Он пососал руку с таким несчастным видом, что кэнди рассмеялась и поцеловала ее.

– Да, флаг мой был поднят, и с того дня до нынешнего я честно старался оправдать свое имя – Рэндл, верный любви, – А виновата во всем, ей-богу, та девятилетняя девчонка.

Дом проплыл мимо, Макмерфи зевнул и подмигнул.

– Научила меня любить, спасибо ей, мяконькой.

Тут – он еще говорил – хвостовые огни обгонявшей машины осветили лицо Макмерфи, и в ветровом стекле я увидел такое выражение, какого он никогда бы не допустил, если бы не понадеялся на темноту, на то, что его не увидят, – страшно усталое, напряженное и отчаянное, словно он что-то еще должен сделать, но времени не осталось…

А голос лениво и благодушно рассказывал о жизни, которую мы проживали вместе с ним, о молодых шалостях и детских забавах, о собутыльниках, влюбленных женщинах и кабацких битвах ради пустячных почестей – о прошлом, куда мы смогли бы вмечтать себя.

ЧАСТЬ ЧЕТВЕРТАЯ

На другой день после рыбалки старшая сестра начала новый маневр. Идея родилась у нее два дня назад, когда она говорила с Макмерфи о том, какой барыш он получил с рыбалки, и о других его маленьких предприятиях в таком же роде. За ночь она разработала идею, рассмотрела со всех сторон, решила, что дело беспроигрышное, и весь следующий день подбрасывала намеки, чтобы слух возник как бы сам по себе и хорошенько распустился к тому времени, когда она заговорит об этом прямо.
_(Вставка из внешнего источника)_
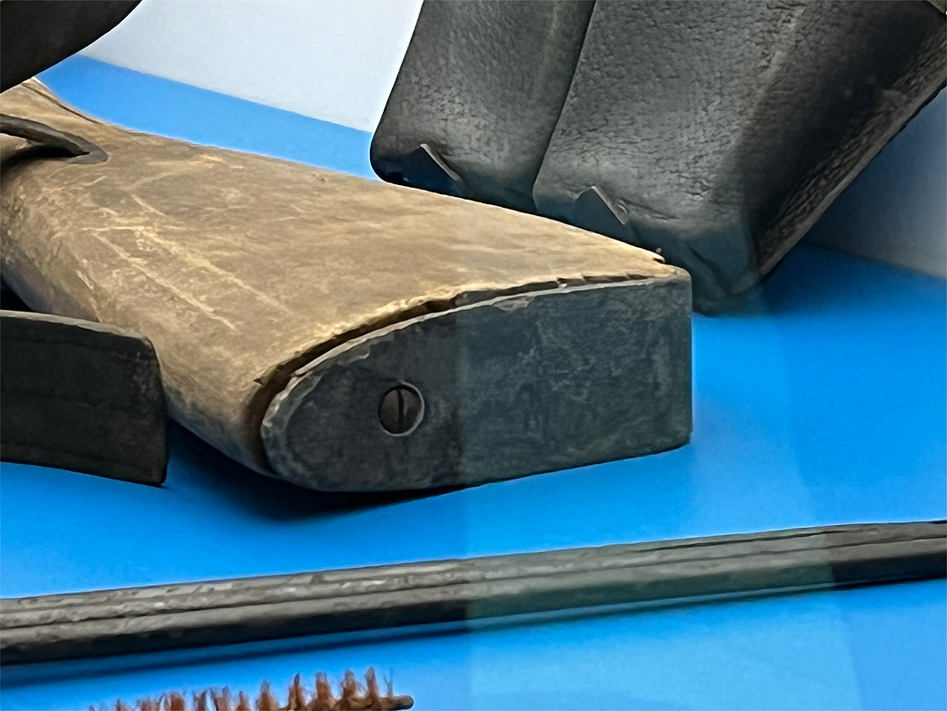 Цифровое увеличение торца ложи, из-за разбухания древесины в воде вышедшего за пределы металлического затыльника, на фотографии получилось ниощинь:

Она знала: люди устроены так, что раньше или позже непременно отодвинутся от того, кто дает им больше обычного, от дедов морозов, от миссионеров, от благотворителей, учреждающих фонды для добрых дел, и призадумаются: а ему-то какая выгода? Криво улыбнутся, когда молодой адвокат принесет в местную школу мешочек орехов – перед самыми выборами, гусь лапчатый, – и скажут друг другу: этому палец в рот не клади.

Она знала: немного надо, чтобы люди призадумались, чего ради, собственно говоря, Макмерфи тратит столько времени и сил, устраивая рыбалки, игры в лото, тренируя баскетболистов. С чего это он землю носом роет, когда все привыкли сидеть смирно, играть в «тысячу» и читать прошлогодние журналы. С чего этот лесоруб, этот ирландский буян, севший за азартные игры и драку, повязывает голову платочком, воркует, как старшеклассница, и битых два часа на потеху всем острым учит Билли Биббита танцевать, выступая за партнершу. С чего этот жук, этот ярмарочный артист, этот прожженый игрок, привыкший всю жизнь считать свои шансы, рискует надолго застрять в сумасшедшем доме, вступив в войну с женщиной, от которой зависит его свобода.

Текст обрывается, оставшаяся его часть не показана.